Showing posts with label 80-Day Cycle. Show all posts
Showing posts with label 80-Day Cycle. Show all posts

Monday, May 18, 2026

Hurst Cycles Update: SPX, NDX, ASX, NIFTY, Gold, Bitcoin | David Hickson

Global equity markets are diverging: US indices may have already formed an 18-month cycle trough, while others likely have not. Despite this, all markets are synchronously declining into an 80-day cycle trough expected into late May or early June. S&P 500 and NASDAQ show strong bullish signatures suggesting a possible completed 18-month trough, yet are now rolling into 80-day lows. ASX and DAX still point toward pending 18-month troughs, with ASX clearly bearish and DAX more neutral. Gold is bearish post-January peak, and Bitcoin is descending into a synchronized 80-day / 20-week trough.
 
S&P 500: A confirmed 20-week cycle trough occurred on March 30 (Mon), potentially aligning with an unconfirmed 18-month cycle trough.
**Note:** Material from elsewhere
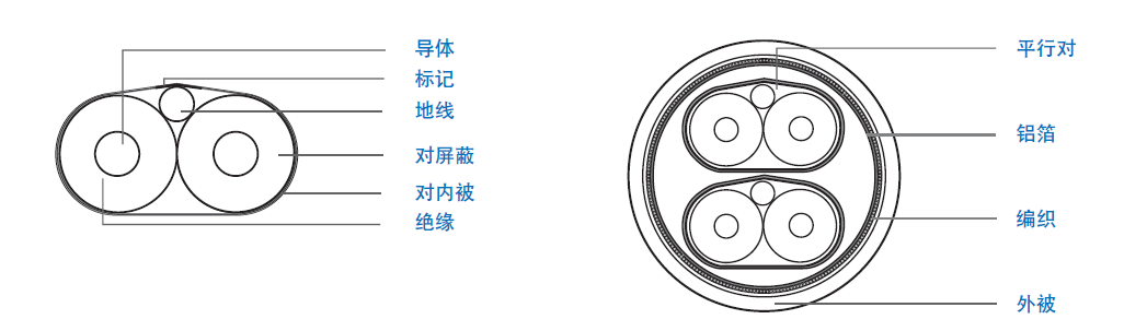 | 導(dǎo)體:24 AWG 單根鍍銀銅線, 外徑0.508 mm | 外屏蔽:38 AWG 鍍錫導(dǎo)體,重疊率 80% |

In Hurst cycle analysis, tracking shorter cycles allows to infer longer-cycle behavior. To maintain analytical clarity, this update sets aside longer-cycle markers to focus on the confirmed 20-week trough.

S&P 500 (daily candles), March to June 2026: Downside into an 80-day trough into late May remains the base case. 
Prior bullish excess suggests underlying strength, so declines may be muted, but a break below the 20-day FLD is still expected.  
[ Actual average lengths of the nominal 20-day, 40-day, 80-day, 20-week, and higher-order cycles of
each instrument are indicated in the stacked, color-coded boxes at the bottom right of the charts. ] 
 
On April 29, a 40-day cycle trough formed. Instead of breaking below the 20-day Future Line of Demarcation (FLD) to meet its downside target—as expected under normal conditions—price found support at the FLD. This resilience signals underlying bullishness, likely driven by a high-amplitude 20-week cycle or the larger 18-month cycle trough.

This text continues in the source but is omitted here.